Research + Love =
Topic: Real Talk: Survivor, Patient & Family Stories
By Joe Barone & Laura Hull
This is a story about a family who let love be their guide in the face of daunting obstacles. In 2004, when their beloved mom, Terry Romeo, was diagnosed with pancreatic cancer, it was the love and support of her husband of more than 50 years, Tony, and her family that buoyed her through her four-year battle.
Terry, the mother of four and grandmother of nine, lived a rich and full life. Aside from teaching in Deer Park, on Long Island, NY for over 35 years, she was a proud member of the Sons of Italy where she lent her talents to heading the Gift of Sight program. One of her best post-diagnosis days was attending a heartfelt Jubilee mass that the diocese of Rockville Center hosted for couples married 50+ years. Her family turned it into a party!
That’s why Terry’s Team came together again in 2020—not as the large group that had been walking in the LI Lustgarten walk since 2004—but as a virtual team. COVID-19 would not dampen their spirit!
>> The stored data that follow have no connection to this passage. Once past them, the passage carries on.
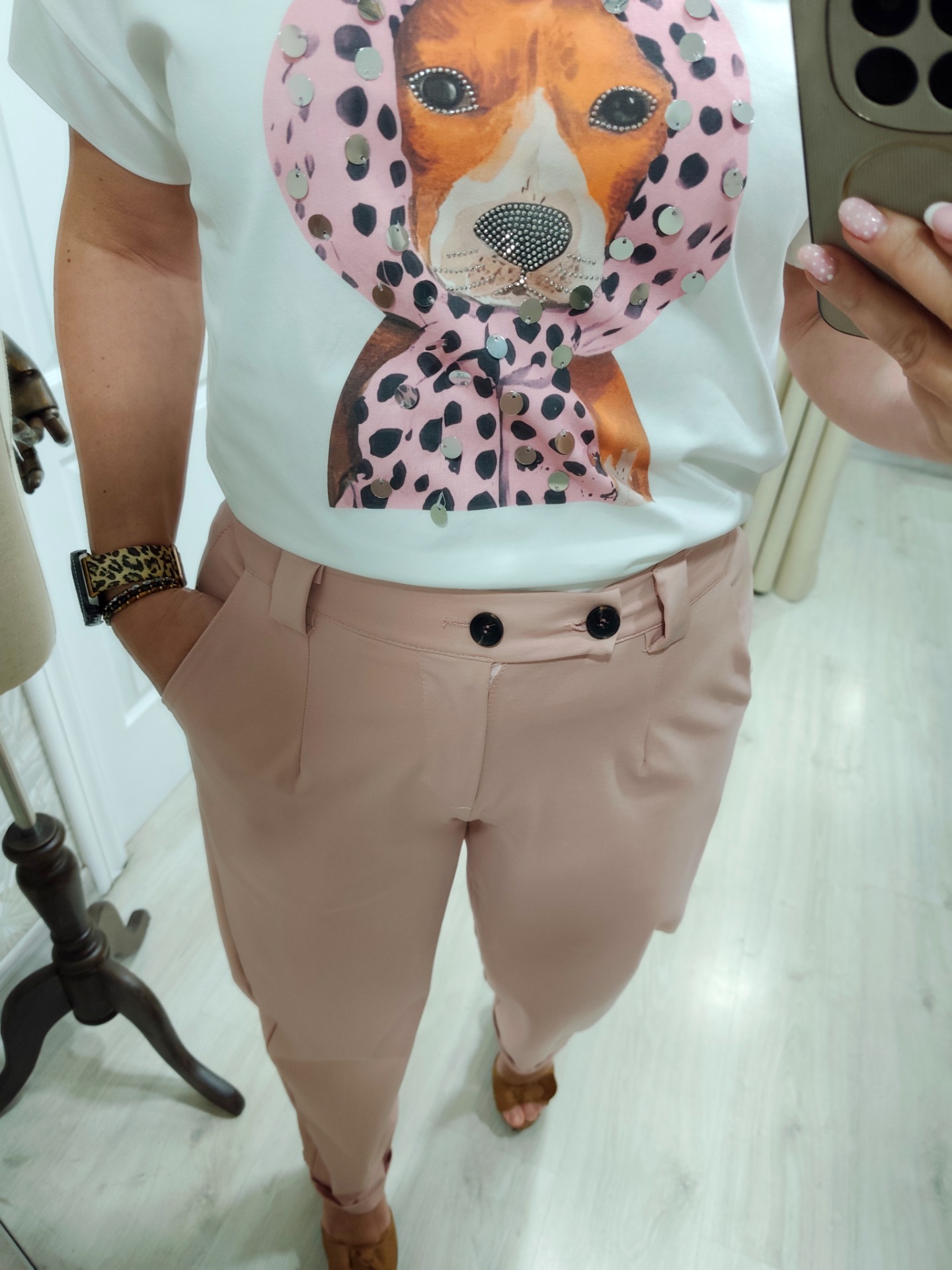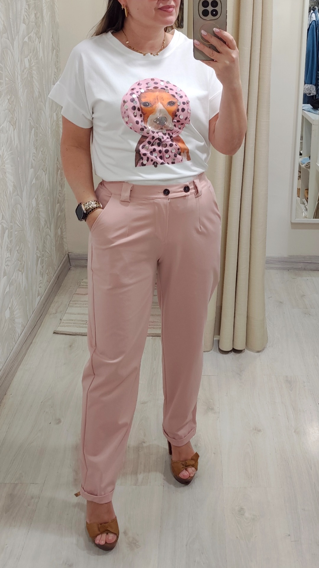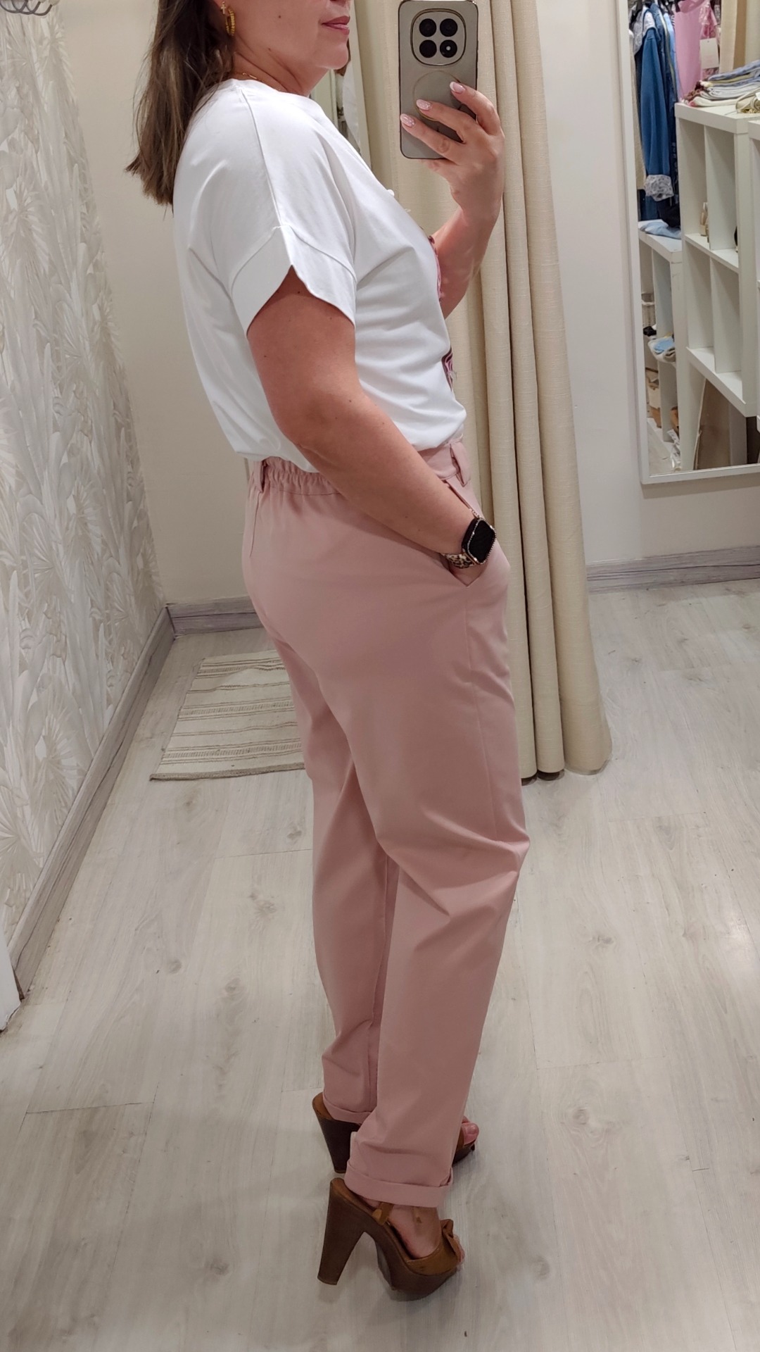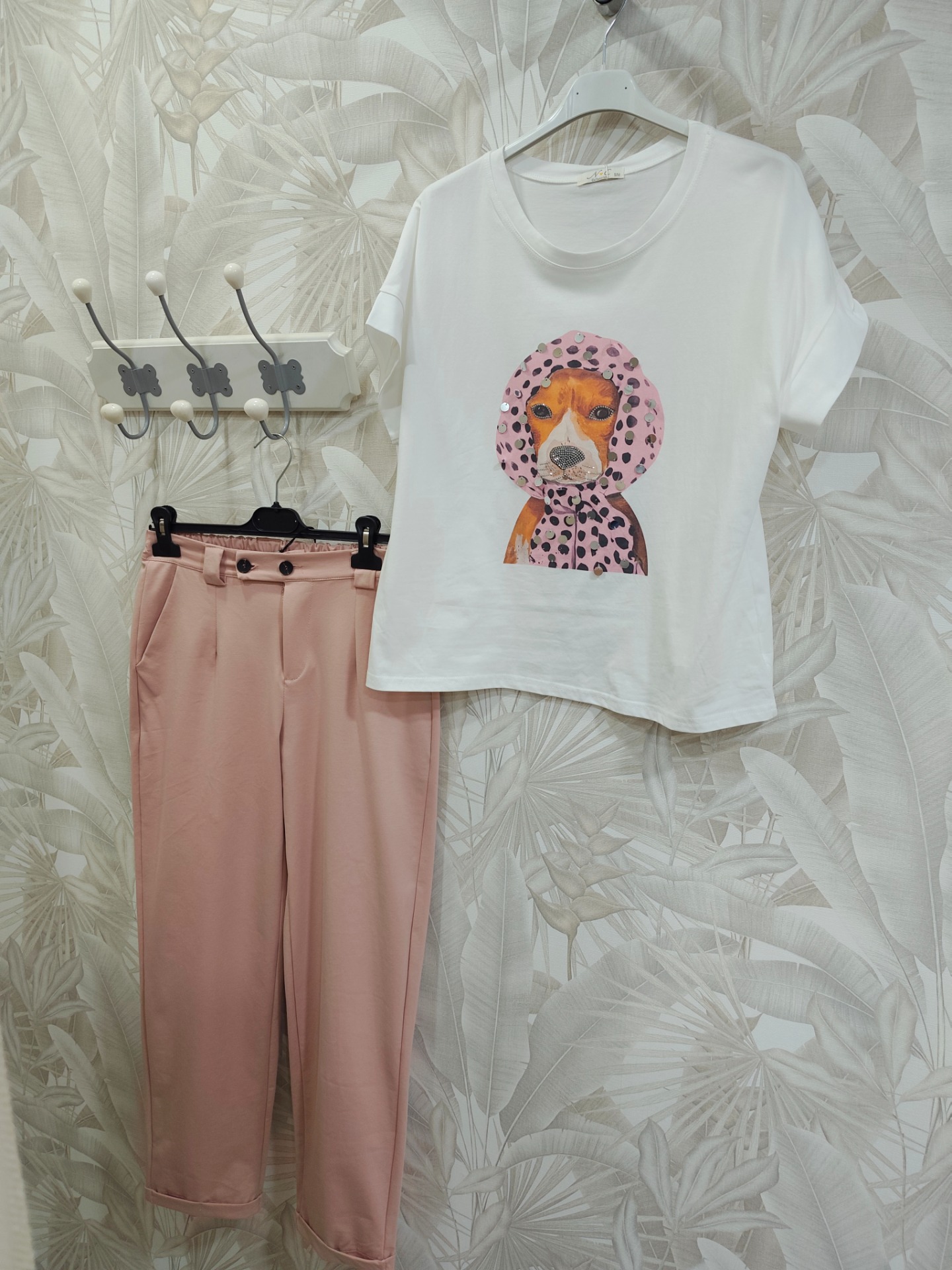 Compuesto de pantalón color rosa dos botones en tejido punto muy suave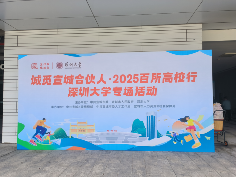 为深入贯彻人才强市战略,加强与高校合作,促进高校毕业生就业并引导毕业生到宣城就业,中共宣城市委、宣城市人民政府携手深圳大学共同举办了“诚觅宣城合伙人·2025百所高校行”深圳大学专场活动。本次活动于2025年3月8日在深圳大学粤海校区校友广场多功能厅成功举办。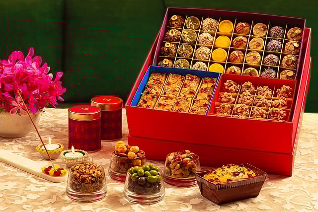Sheraton Grand Bangalore Hotel offers four variants of gift boxes this Diwali. The Shubh box contains items like a gourmet jar of nuts and sour cherries; the Chamak box has treats like chocolate-coated blueberries and jamun honey; the Diwali Delight box is filled with hand-rolled traditional sweets like rose petal ladoo and Kashmiri kalakand and the Diwali by Marriott hamper contains desserts like pista mista and orange blossom.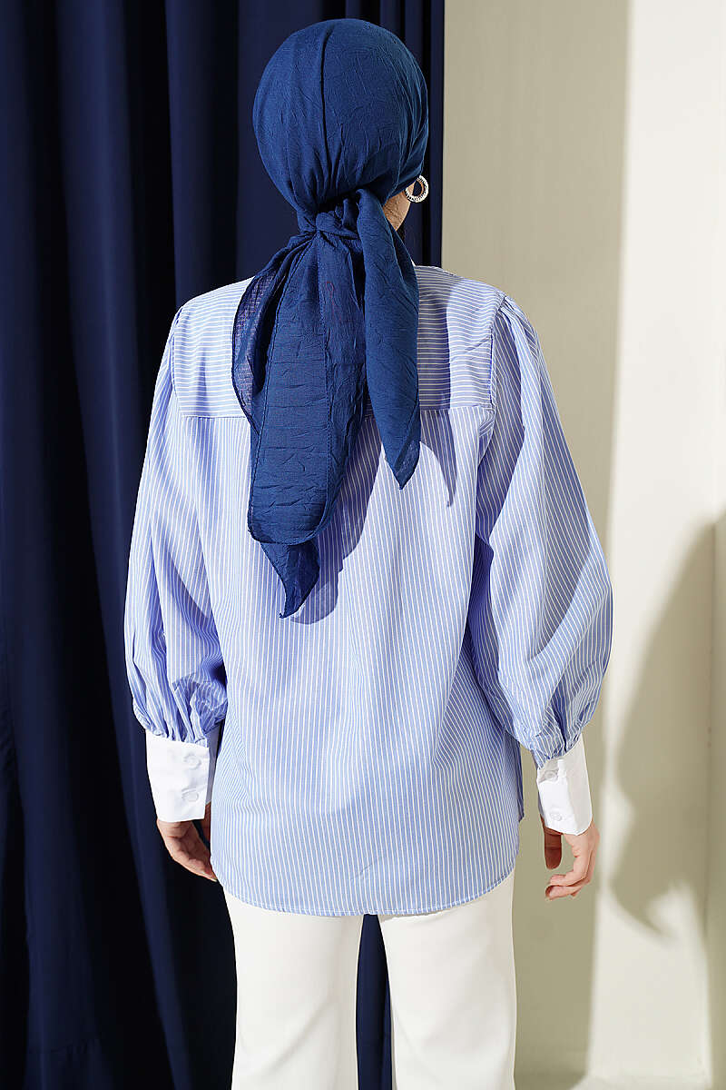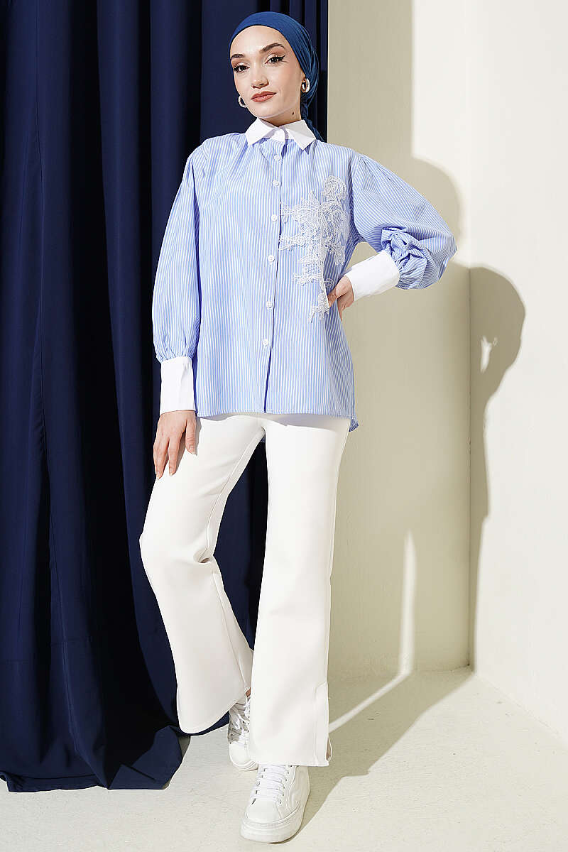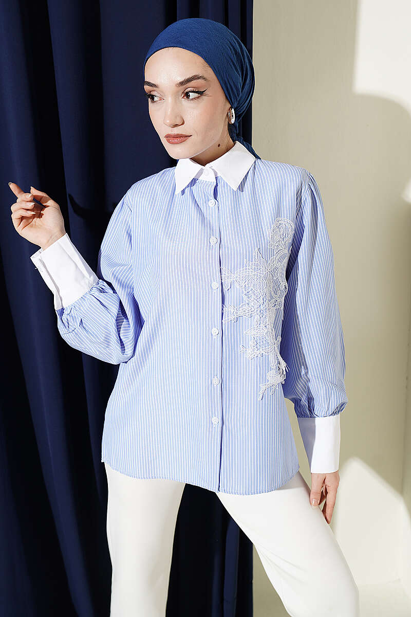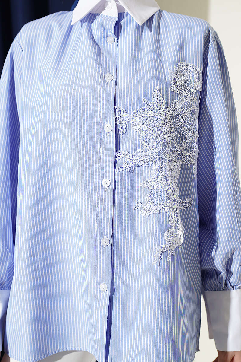 İnce Çizgili Güpür Detaylı Gömlek Mavi

The Lustgarten Foundation’s first Long Island Virtual Walk, which was held on Sunday, Oct. 4, 2020, may have looked different, but the Romeo family’s enthusiasm never waned. They hit the pavement, in their mom’s memory, from four different states.
“The virtual walk was a lot of fun,” said Terry’s daughter, Laura Hull. “Terry’s Team got creative with how we walked.”
“I was up in Vermont with one of my sisters, we made big signs thanking Lustgarten and hoisted them over our heads for pictures,” Laura added. Laura’s brother Stephen, sisters Christine and Maribeth and their families joined in on the adventure.
“I said, ‘Try to take a picture that shows you are in Boston. Go into Times Square for a New York City shot. Send a fun video so people know you’re in North Carolina,’“ Laura shared. “You could tell we were up in the country somewhere. We had a great time with it.”
“We really look forward to this event every year,” Laura said. “We feel indebted to Lustgarten. I cannot overstate how fortunate we feel that every dime we raise or donate goes toward research.”
It’s a sentiment many families share. Knowing 100% of every donation goes directly to research makes it even easier to give. There is nothing to think twice about, and that’s why the Romeo family has raised and donated thousands of dollars with two things in mind: their mom and research. Yet, when their mother was diagnosed, Laura and her siblings were unsure of what pancreatic cancer was.
“We didn’t know anybody who had had it,” Laura said. Then I remembered Michael Landon talking about his cancer diagnosis on a talk show years before. The tone of that interview made me think he might have been talking about this cancer. I did some research on him and that was our first inkling of what we were up against.”
Around the same time that the reality of what lay ahead was dawning on her and her family, President Jimmy Carter was featured in a public service announcement about the disease, Laura recollected. “The PSA (which was funded by the Lustgarten Foundation, along with Cablevision) was focused on heightening awareness for the need for research. The tagline, “There is a cure. It’s called research.” has stayed with Laura all these years.
“To this day, that sentence is the focus of hope for my entire family. It woke us all up to the importance of research,” Laura shared. “Research costs money but it’s so crucial. It’s the road to a cure: research, research, research. It’s the only way we’ll conquer this disease.”
That belief and the love for their mother continue to motivate Laura and her family to donate generously to Lustgarten every year. They all want to live in a world where their children and grandchildren won’t have to worry about the disease that took their mother.
“We want to give back to Lustgarten,” Laura said. “It’s not just an organization. It’s a group of people working together for patients and families so hopefully future generations won’t have to go through what we went through.”
Whatever form future Lustgarten walks take, Terry’s Team will be there. “The walks are a tremendous comfort,” Laura shared. “Walking and seeing that other families are going through the same thing we’re dealing with—we all take great comfort from that. We don’t feel so alone.”
That is the purpose of these walks—to give families an outlet and an opportunity to honor their loved ones who’ve been touch by this disease.
This year, in four different states Terry’s Team wore shirts that read: “Purple…It’s not just a color. It’s a Cure.” While they weren’t side-by-side this time around, the Romeo family was grateful to keep the tradition alive alongside their loving mother’s legacy.